* **What is required**
Everything from the opening line of the records below up to and including the line containing "上海市松江区红十字会公示2013年度人道救助基金审计报告" should be retyped exactly, minus the pictures.

* **Data provided**
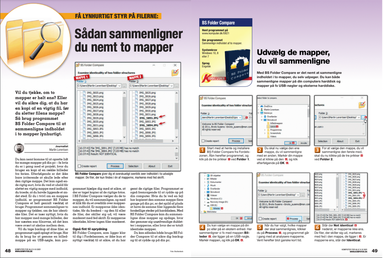 Værktøjsprogrammer Sådan sammenligner du nemt to mapper Vil du tjekke, om to mapper er helt ens? Eller vil du sikre dig, at du har en kopi af en vigtig fil, før du sletter filens mappe? Så brug programmet BS Folder Compare til at sammenligne indholdet i to mapper lynhurtigt.
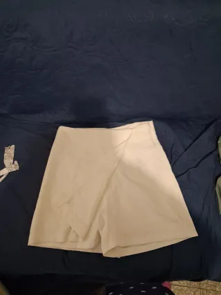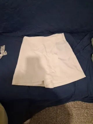 Pantaloncino bianco con design a portafoglio. - Tessuto leggero e confortevole. - Vita alta. - Chiusura con bottone e zip nascosta.
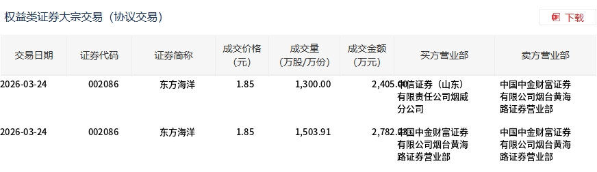 东方海洋今日大宗交易折价成交2803.91万股,成交额5187.23万元
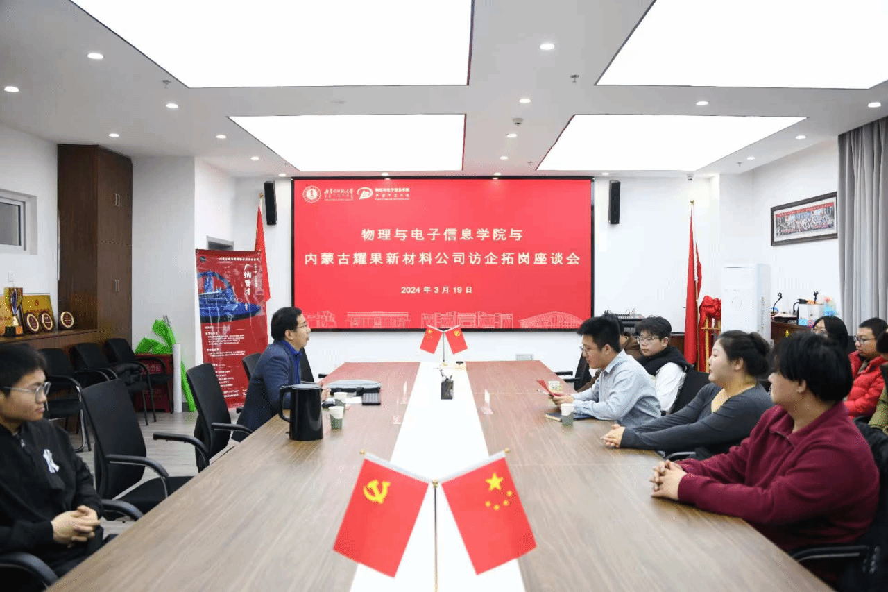 为深化校企协同育人机制,拓宽毕业生就业渠道,促进人才供需精准对接,3月19日上午,yl23455永利集团与内蒙古耀果新材料有限责任公司在理工楼A座举行访企拓岗座谈会暨专场招聘宣讲活动。学院党委副书记欧志强、辅导员冀锦涛与内蒙古耀果新材料科技有限责任公司高耀昌一行人进行洽谈交流,2025届材料物理专业毕业生参加活动。
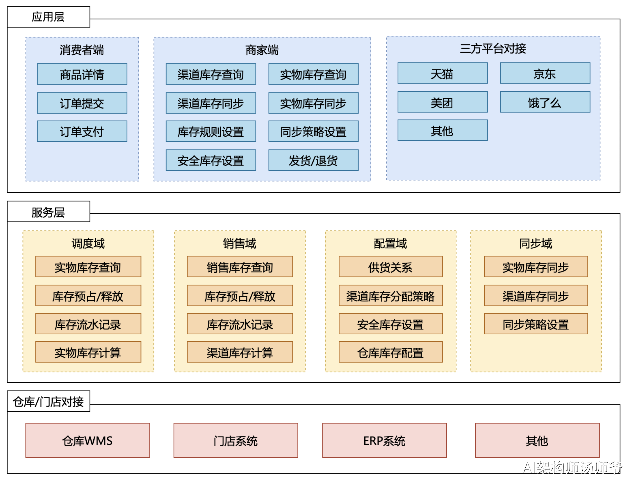 今天聊聊中央库存系统应用架构设计,这套架构分为三层:应用层、领域层和对接层。
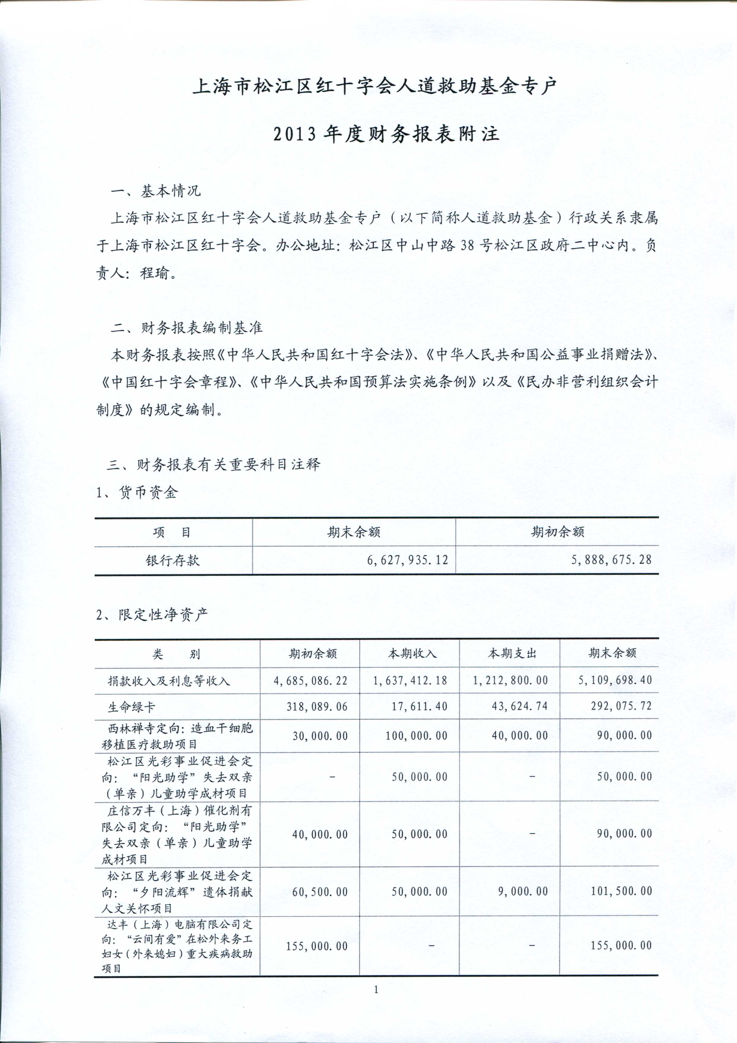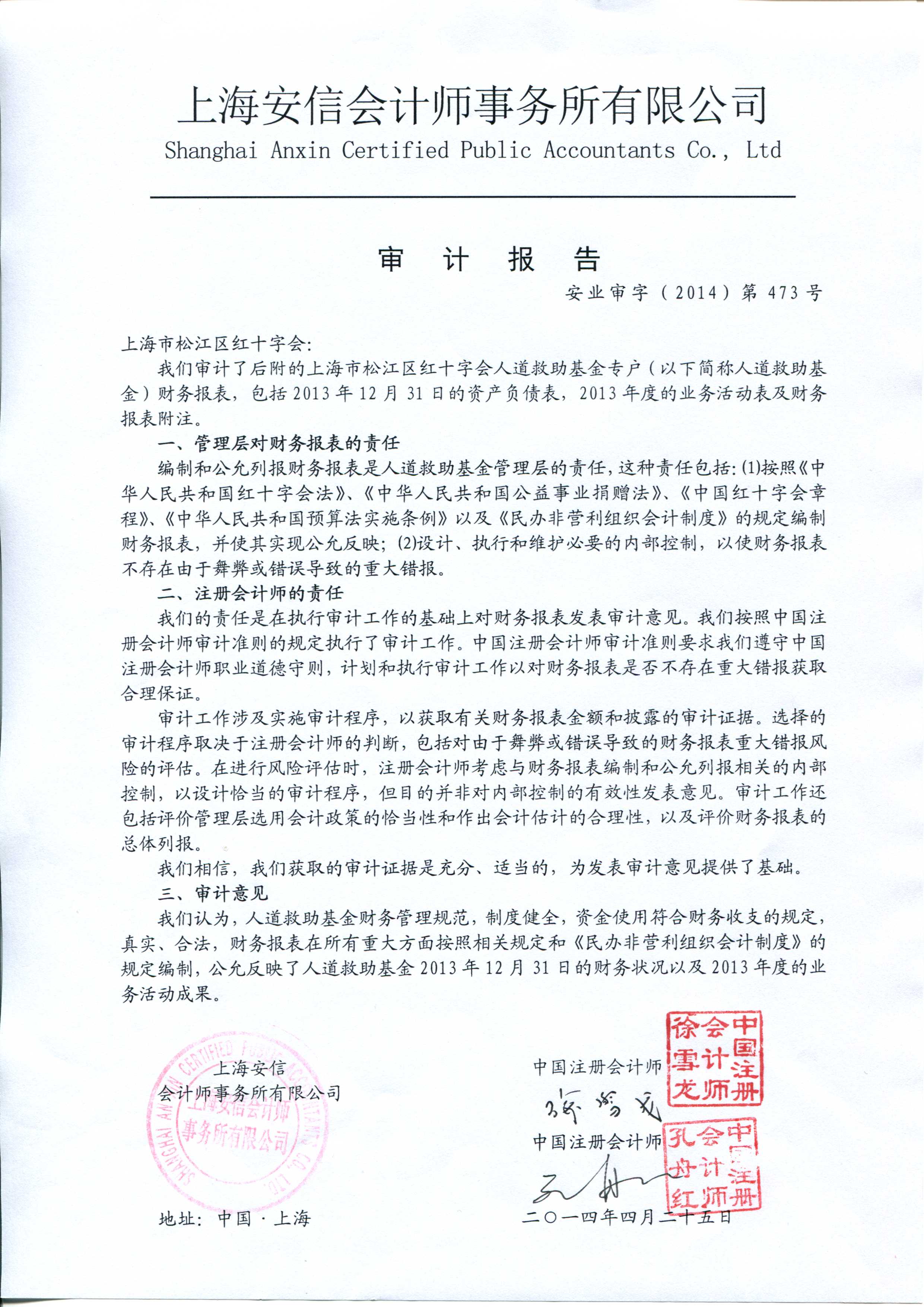 上海市松江区红十字会公示2013年度人道救助基金审计报告
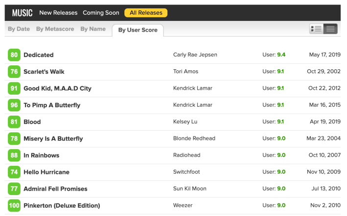 Dedicated now has the highest Metacritic user score of all time, putting it ahead of albums like Kendrick Lamar's To Pimp A Butterfly and Radiohead's In Rainbows, both of which are also in the top ten. It's also worth nothing that Switchfoot's Hello Hurricane is #8.
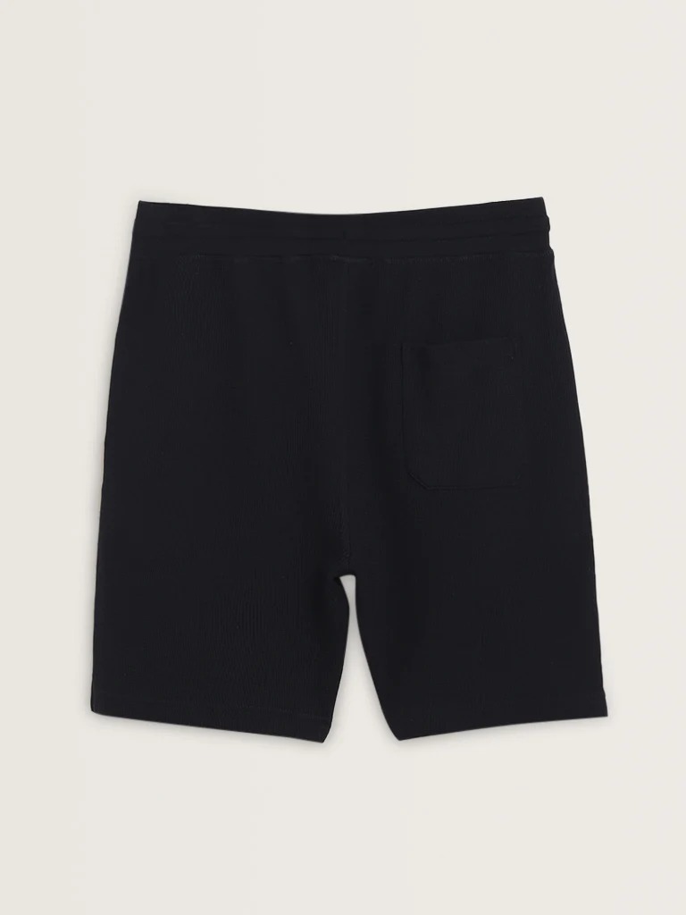 Casual dressing got a lot more comfortable owing to these navy shorts. Flaunting a self-textured profile, the dual-pocket style features a cotton-blend composition coupled with a relaxed frame for a breathable handle, while the drawstring waist offers a secure fit.
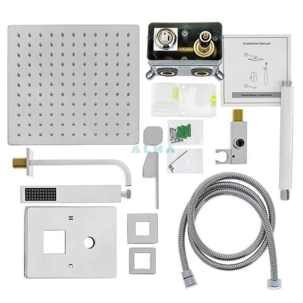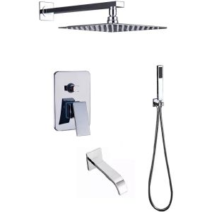 В правильно выполненном дизайне ванной комнаты нет ни одной лишней детали. Душевая система- это не только высококачественные современные технологии, это стильный дизайн и возможность добавить интересный акцент. Например, выбрав элегантный Душевой комплект со смесителем, 3 режима, Душ для тех, кто ценит каждый момент своей жизни. Комплектация: ? Плоский, широкий (каскадный) излив латунь 20 см. ? Верхняя лейка нержавеющая сталь размер 25*25 см. ? Длинна верхнего кронштейна 40 см. ? Шланг 150 см. ? Лейка ручная нержавеющая сталь ? Встраиваемый смеситель, материал латунь ? Глубина его погружения в стену 8 см.
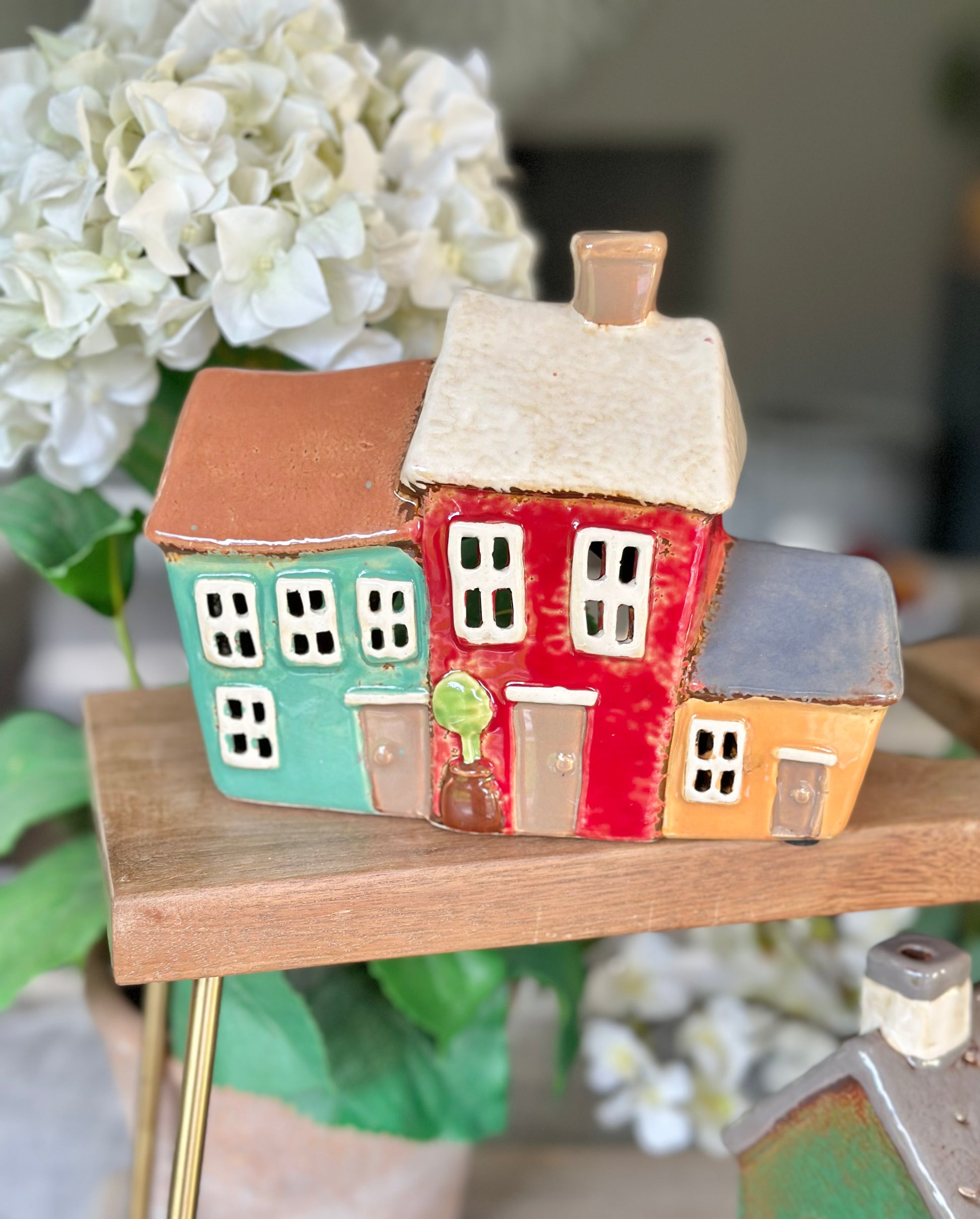 Superbly made ceramic tea light houses. Perfect for dressing your mantlepiece, side table and shelves. Bring a bit of colour, why not theme with all three.
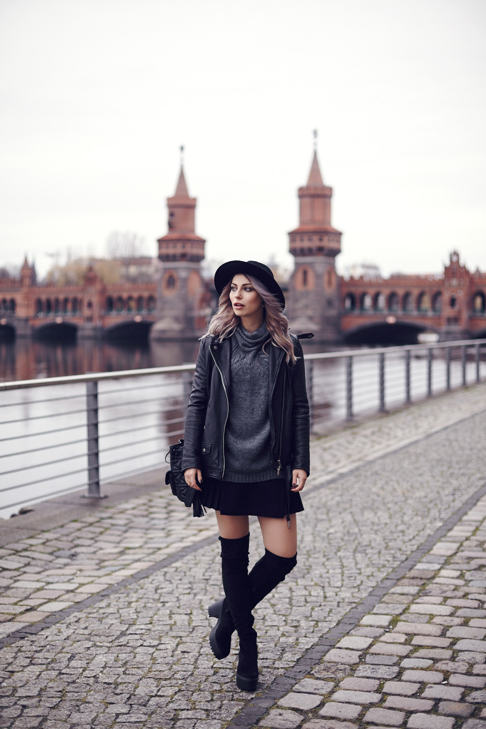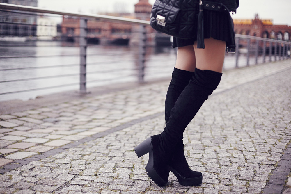 Es ist das erste Outfit im neuen Jahr und dann gleich in Overknees. Das Ding ist: eigentlich mag ich Overknees echt gern, aber ich finde es schwer sie alltagstauglich zu kombinieren, ohne dass es entweder peinlich (Stichwort Oranienburger) oder schrecklich (Stichwort: mit Hose drunter) aussieht. Das Outfit für das ich mich entschieden habe ich recht typisch für mich in grau und schwarz gehalten mit einem Faltenrock (uh la la!) und einem gemütlichen grauen Pulli, der ein bisschen lockerer sitzt. Dadurch dass das Outfit so etwas schlichter gehalten ist, sind die Overknees das Highlight und sehen auch im Alltag gut aus :) So this is my first outfit in the new year and yeah it’s sexy. The thing is: I really like Overknees, but I think it’s difficult to combine them for everyday use. Usually they look either embarrassing or terrible (keyword: with pants underneath). But this outfit is typical for me in gray and black with a pleated skirt and a cozy gray sweater. As the outfit is kept more casual the overknees are the highlight and can be worn in everyday life :)

* **Written response**
 Værktøjsprogrammer Sådan sammenligner du nemt to mapper Vil du tjekke, om to mapper er helt ens? Eller vil du sikre dig, at du har en kopi af en vigtig fil, før du sletter filens mappe? Så brug programmet BS Folder Compare til at sammenligne indholdet i to mapper lynhurtigt.
 Pantaloncino bianco con design a portafoglio. - Tessuto leggero e confortevole. - Vita alta. - Chiusura con bottone e zip nascosta.
 东方海洋今日大宗交易折价成交2803.91万股,成交额5187.23万元
 为深化校企协同育人机制,拓宽毕业生就业渠道,促进人才供需精准对接,3月19日上午,yl23455永利集团与内蒙古耀果新材料有限责任公司在理工楼A座举行访企拓岗座谈会暨专场招聘宣讲活动。学院党委副书记欧志强、辅导员冀锦涛与内蒙古耀果新材料科技有限责任公司高耀昌一行人进行洽谈交流,2025届材料物理专业毕业生参加活动。
 今天聊聊中央库存系统应用架构设计,这套架构分为三层:应用层、领域层和对接层。
 上海市松江区红十字会公示2013年度人道救助基金审计报告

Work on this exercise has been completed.